9/11から20年

f:id:drfridge:20210906105035j:plain

 あのニューヨークのWTCビルに飛行機が突っ込み、ビルが崩壊した9.11事件からもう20年経ってしまった。その時、テレビで直に飛行機がビルの突込み、黒煙を上げてビルが倒壊し、逃げ遅れた人たちがビルから振り落とされるように落ちてくる姿が今も昨日の事のように思い出される。現実を見ているというより、何かの映画のセットの一シーンでも見ているのではないかという気がしたものだった。

 その直後から、世界は変わった。丁度その後、アメリカへ行った時のことも忘れられない。まるで戦時中だった。人々が皆愛国者を振る舞い、すべての走るクルマに星条旗が掲げられ、空港ではあちこちに銃を掲げた兵士が見張り、皆がテロを気にして、アタッシュケースを置いてすぐ横の窓口に何かを買いに行っただけで、不審物だとして近くにいた女性がガードマンを呼ぶような張り詰めた空気が漂っていた時代であった。

 やがて、ブッシュ大統領が世界中に、アメリカの味方か敵かを問い、ヨーロッパや日本まで従えたアメリカ軍が強引にアフガニスタンイラクに攻め入り、以来長い間の中近東の戦争が今までずっと続くことになってしまった。
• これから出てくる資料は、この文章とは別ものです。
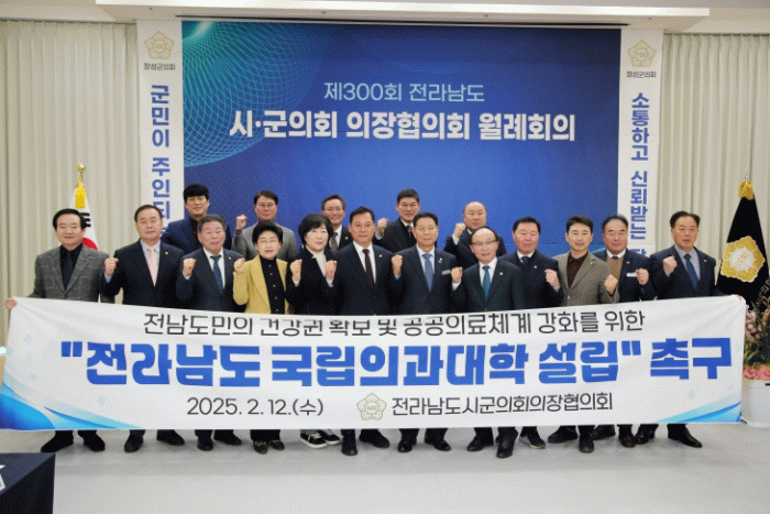 끝으로, “정국이 불안정하더라도 정부의 대국민 약속은 반드시 지켜져야 한다”며, 전남 시·군의회의장협의회와 함께 정부의 신속한 의대 신설 추진을 강력히 촉구했다.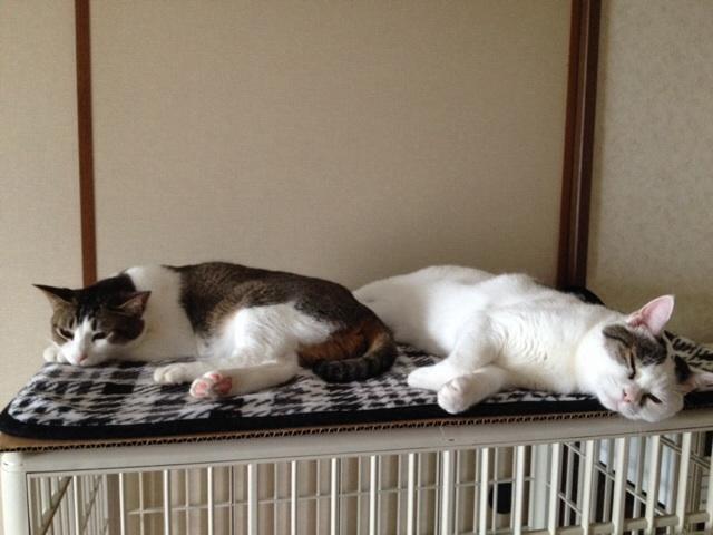 旦那に、気に入ってるところ残念だけど、このケージは君たちのじゃないにゃ。って言い聞かされてます。分からないよねー(^^;;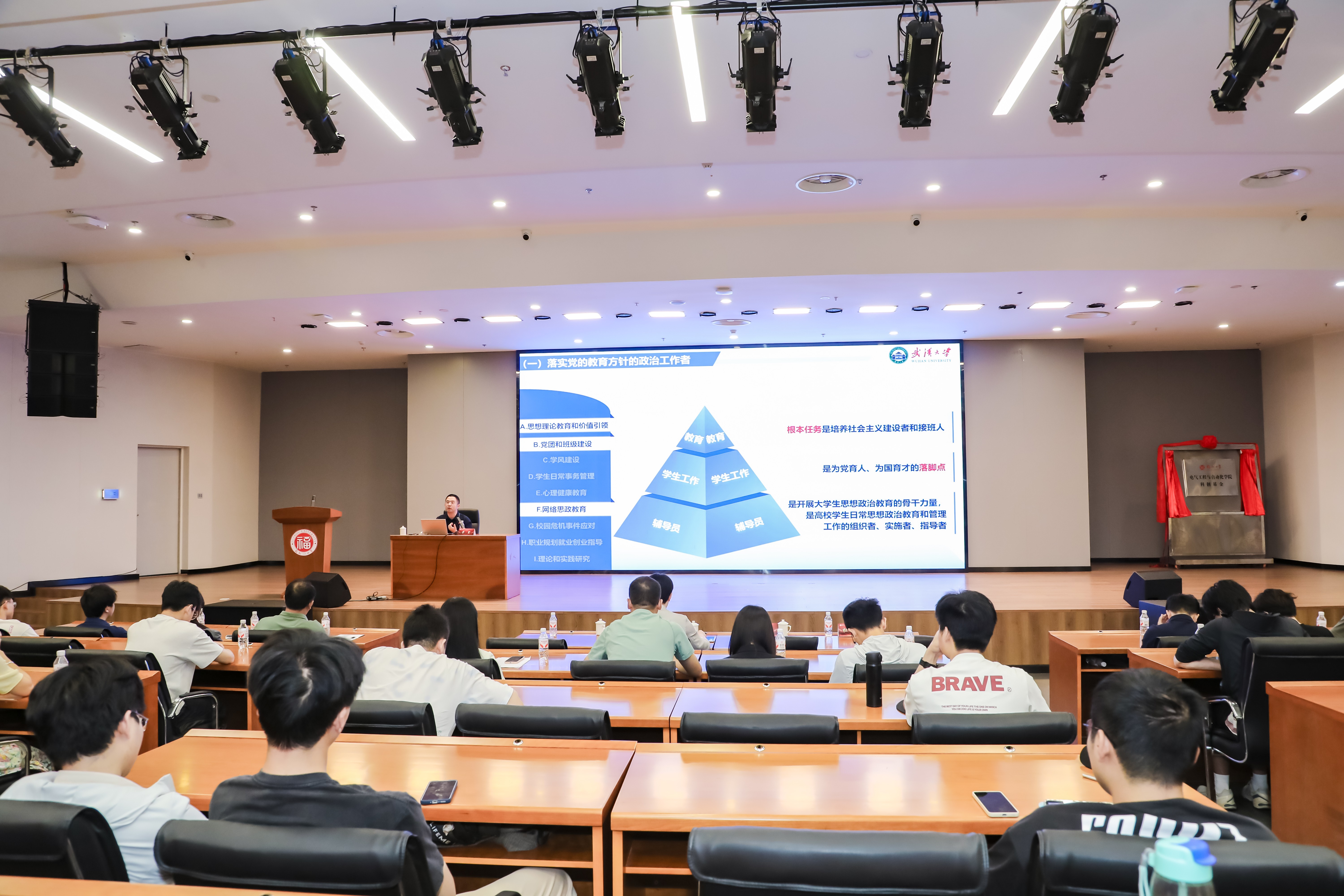 “思政大讲坛”(第六期)专题讲座于在晋江楼一楼报告厅顺利举行。本次专题讲座特别邀请武汉大学党委学生工作部部长兼人民武装部部长,本科生院副院长兼学生工作处处长,武汉大学大学生发展研究中心主任黄鑫作为主讲嘉宾。本次讲座由学生工作部(处)张红部(处)长主持,电气学院全体辅导员、教师代表、企业代表、以及部分学院副书记、政工干部参加。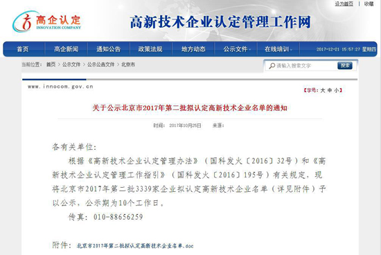 近日,國(guó)家高新技術(shù)企業(yè)認(rèn)定管理工作網(wǎng)發(fā)布了《關(guān)于公示豐臺(tái)園2017年第二批擬認(rèn)定高新技術(shù)企業(yè)名單的通知》,北京中科宇杰節(jié)電設(shè)備有限公司通過(guò)認(rèn)證,榮獲“國(guó)家高新技術(shù)企業(yè)”的殊榮。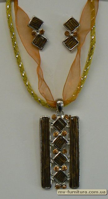 »  »  »  » Кулон+серьги веревка+лента эмаль камень желтый пластина/10камней (22см)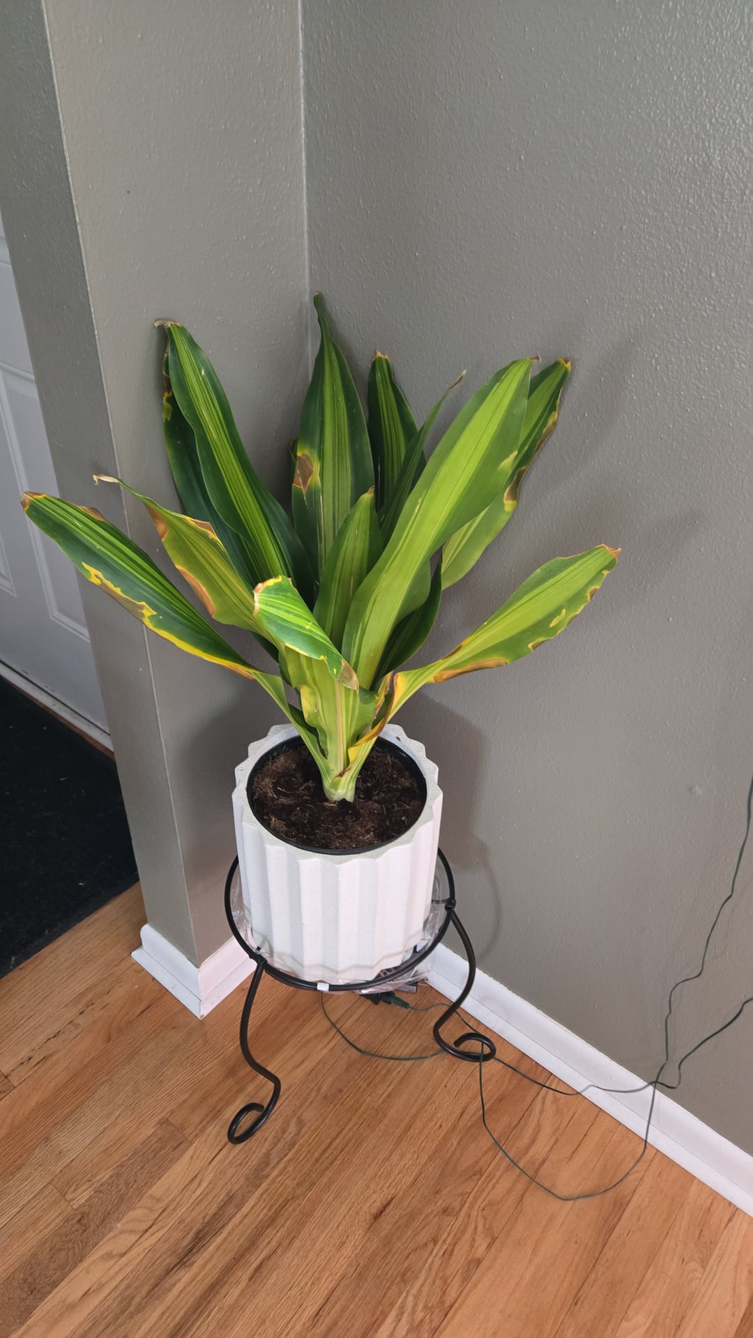 Got this Mass Cane from Lows for $5. The tip were crispy. I got it home cut the tips of the leafs that were brown and wiped a paper towel with Neem oil on each leaf the first day I got it. Ive only had it for 2months and watered it twice. I water it by filling the dish as the bottom with water and dump any remaining water after a few hours. These brown/yellow spots showed up almost over night and about a week after watering it. It sits about a foot from our 3 panel west facing window. No direct light. Ive cut the leafs that were over 50% yellow. Idk what to really do now. Should I cut all the leafs that are brown and repot with new soil? TIAđ

その結果がどうなったかは最近のアメリカ軍のアフガニスタンからの成果なき撤退となったことは周知のことである。

 米ソ冷戦が終わり「歴史の終わり」とも言われ、アメリカが世界の支配者となったかに思われた時に起こったこの9.11事件は確かに一つの時代のエポックを画するものであり、ある意味では、アメリカの頂点を示すものでもあり、また一方では、その凋落の始まりを暗示すものでもあったのではなかろうか。

 9.11事件の真相については、今だに分からないことが多い。飛行機が上部の階に突っ込んだからといって、WTCビルが2棟ともに、根底から崩れ落ちたのは何故か。ペンタゴンの墜落現場に全く飛行機影がが見られなかったのは何故か。飛行機が突っ込んでいないビルまで根底から崩壊したのは何故か。それに、あのような大掛かりなテロが、誰にも知られずに、外国のテロ組織だけで果たして可能だったのか等等。当時から疑わしいと思われ、未だに解明されていない事が多過ぎる。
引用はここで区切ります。